TASK:
Copy the lines below exactly, starting at the one with "持有华亚智能最多的基金为万家" and ending at the one with "如今的日本三大烟花大会分别是", and leave out any picture.

GIVEN RECORDS:
------------------------------------------------------------------------
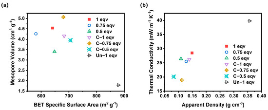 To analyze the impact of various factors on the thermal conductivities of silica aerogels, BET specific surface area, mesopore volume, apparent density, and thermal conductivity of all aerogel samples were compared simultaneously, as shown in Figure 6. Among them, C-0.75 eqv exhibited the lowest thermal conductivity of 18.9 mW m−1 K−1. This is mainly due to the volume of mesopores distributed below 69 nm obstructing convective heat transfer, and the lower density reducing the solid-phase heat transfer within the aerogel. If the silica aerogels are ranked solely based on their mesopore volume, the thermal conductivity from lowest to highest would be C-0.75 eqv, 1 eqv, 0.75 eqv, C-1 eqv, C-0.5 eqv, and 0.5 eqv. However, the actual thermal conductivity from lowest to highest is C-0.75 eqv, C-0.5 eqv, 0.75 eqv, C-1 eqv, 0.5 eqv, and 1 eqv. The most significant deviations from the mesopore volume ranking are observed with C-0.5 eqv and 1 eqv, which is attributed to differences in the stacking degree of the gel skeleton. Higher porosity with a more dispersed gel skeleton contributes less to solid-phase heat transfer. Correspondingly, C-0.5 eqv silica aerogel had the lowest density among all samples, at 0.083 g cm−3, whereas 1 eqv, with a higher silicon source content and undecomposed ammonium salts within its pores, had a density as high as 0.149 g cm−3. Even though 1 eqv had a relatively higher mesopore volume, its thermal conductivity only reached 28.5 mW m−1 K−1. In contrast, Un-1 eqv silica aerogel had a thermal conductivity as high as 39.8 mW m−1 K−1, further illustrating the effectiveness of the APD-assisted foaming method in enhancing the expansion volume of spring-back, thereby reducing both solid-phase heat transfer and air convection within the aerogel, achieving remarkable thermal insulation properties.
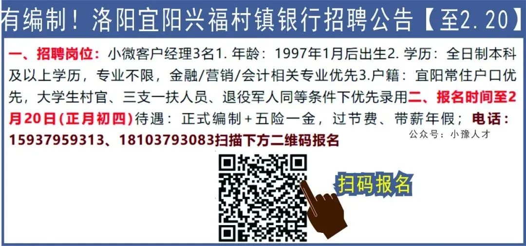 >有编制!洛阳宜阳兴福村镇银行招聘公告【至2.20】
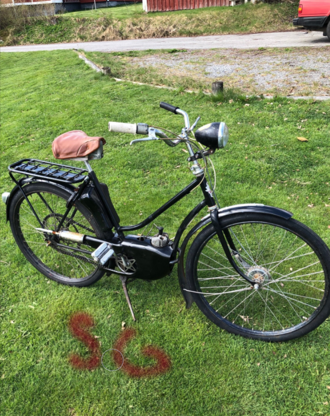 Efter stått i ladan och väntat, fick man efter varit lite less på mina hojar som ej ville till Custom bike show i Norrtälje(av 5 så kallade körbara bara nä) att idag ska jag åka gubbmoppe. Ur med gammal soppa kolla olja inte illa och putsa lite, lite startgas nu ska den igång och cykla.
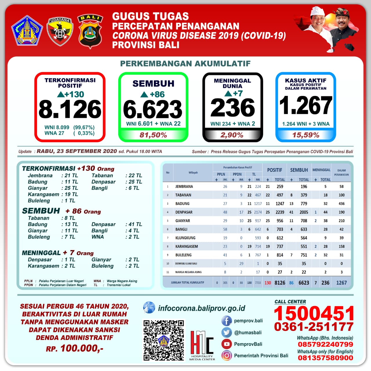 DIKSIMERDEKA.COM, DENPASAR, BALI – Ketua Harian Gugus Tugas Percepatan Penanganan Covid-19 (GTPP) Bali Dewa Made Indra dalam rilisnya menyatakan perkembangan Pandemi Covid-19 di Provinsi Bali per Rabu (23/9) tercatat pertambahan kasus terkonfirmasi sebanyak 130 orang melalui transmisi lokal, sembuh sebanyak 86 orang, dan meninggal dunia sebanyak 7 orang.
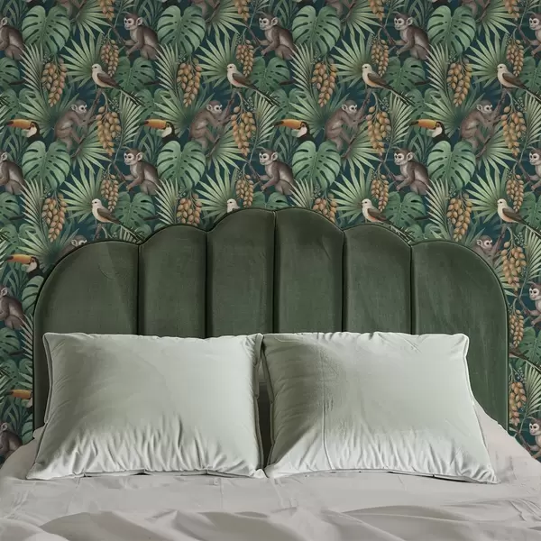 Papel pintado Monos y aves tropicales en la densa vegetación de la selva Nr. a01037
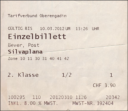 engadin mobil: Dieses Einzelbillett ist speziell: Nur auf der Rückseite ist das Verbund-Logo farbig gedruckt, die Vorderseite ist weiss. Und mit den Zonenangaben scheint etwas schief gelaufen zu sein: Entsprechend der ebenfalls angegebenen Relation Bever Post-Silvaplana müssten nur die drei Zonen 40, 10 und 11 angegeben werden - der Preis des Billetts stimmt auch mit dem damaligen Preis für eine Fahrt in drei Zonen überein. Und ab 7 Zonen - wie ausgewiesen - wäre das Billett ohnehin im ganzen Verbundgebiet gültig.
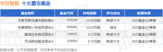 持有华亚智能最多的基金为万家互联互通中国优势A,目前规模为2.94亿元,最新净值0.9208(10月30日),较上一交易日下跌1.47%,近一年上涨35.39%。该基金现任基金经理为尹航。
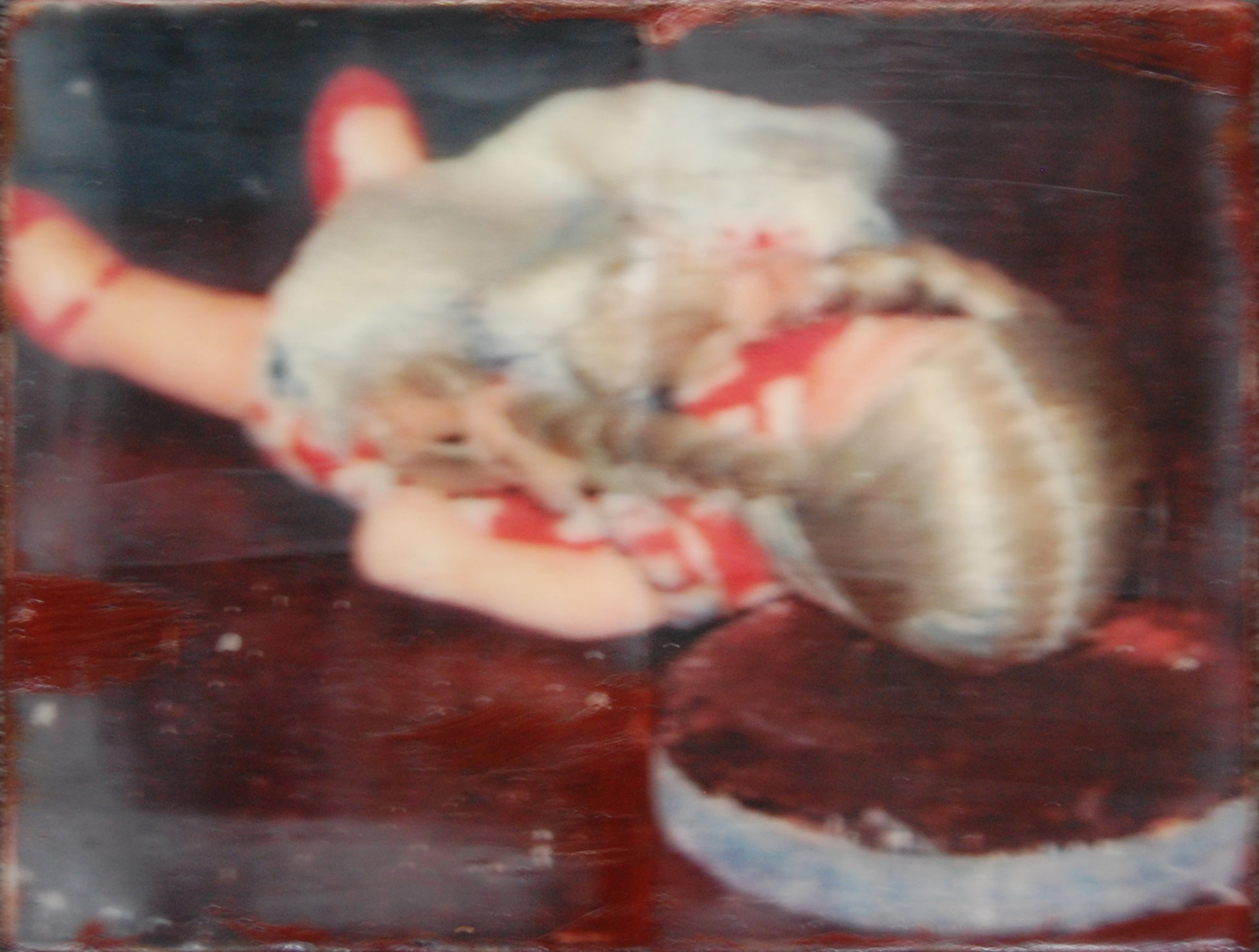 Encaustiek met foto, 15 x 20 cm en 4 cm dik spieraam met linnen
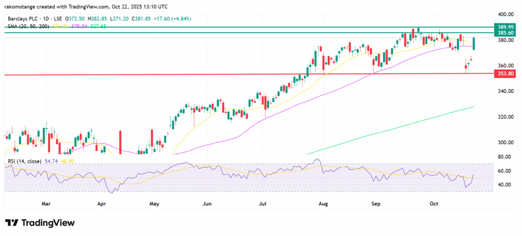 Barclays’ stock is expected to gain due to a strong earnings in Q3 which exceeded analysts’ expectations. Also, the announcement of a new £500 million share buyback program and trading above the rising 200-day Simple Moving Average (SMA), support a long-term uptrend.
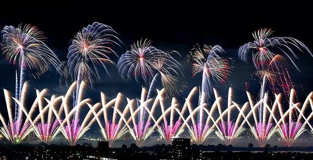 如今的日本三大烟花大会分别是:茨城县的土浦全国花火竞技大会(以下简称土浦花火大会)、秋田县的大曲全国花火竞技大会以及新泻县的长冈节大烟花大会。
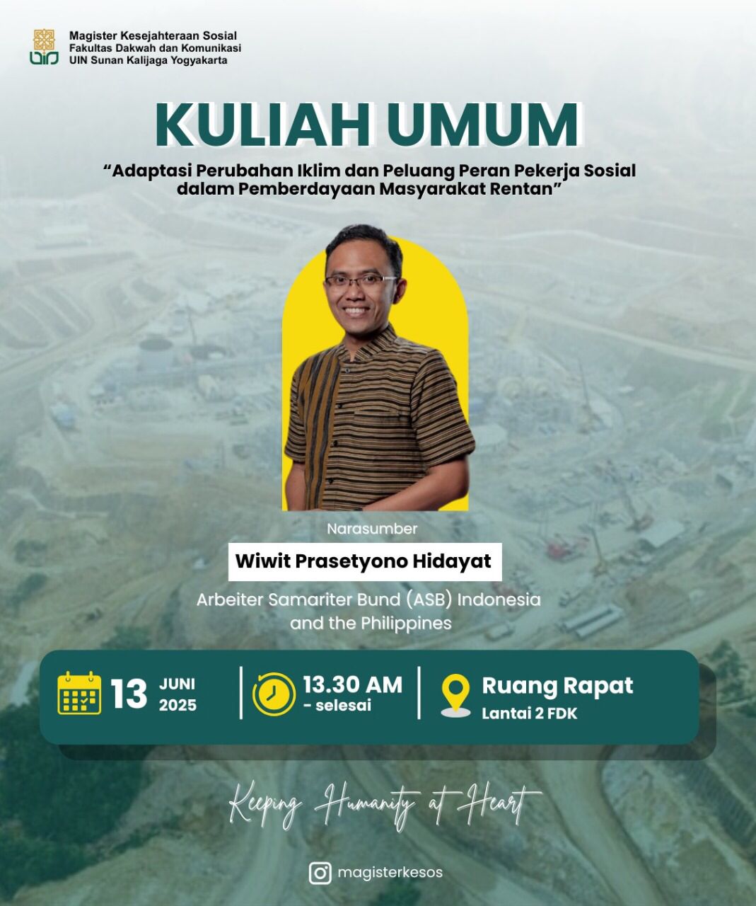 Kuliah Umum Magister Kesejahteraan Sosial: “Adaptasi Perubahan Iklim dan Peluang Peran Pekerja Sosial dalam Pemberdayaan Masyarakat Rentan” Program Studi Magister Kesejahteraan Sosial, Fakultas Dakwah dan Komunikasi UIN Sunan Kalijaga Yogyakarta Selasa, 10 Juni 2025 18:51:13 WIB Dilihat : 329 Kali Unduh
------------------------------------------------------------------------
EXERCISE RESPONSE:
 持有华亚智能最多的基金为万家互联互通中国优势A,目前规模为2.94亿元,最新净值0.9208(10月30日),较上一交易日下跌1.47%,近一年上涨35.39%。该基金现任基金经理为尹航。
 Encaustiek met foto, 15 x 20 cm en 4 cm dik spieraam met linnen
 Barclays’ stock is expected to gain due to a strong earnings in Q3 which exceeded analysts’ expectations. Also, the announcement of a new £500 million share buyback program and trading above the rising 200-day Simple Moving Average (SMA), support a long-term uptrend.
 如今的日本三大烟花大会分别是:茨城县的土浦全国花火竞技大会(以下简称土浦花火大会)、秋田县的大曲全国花火竞技大会以及新泻县的长冈节大烟花大会。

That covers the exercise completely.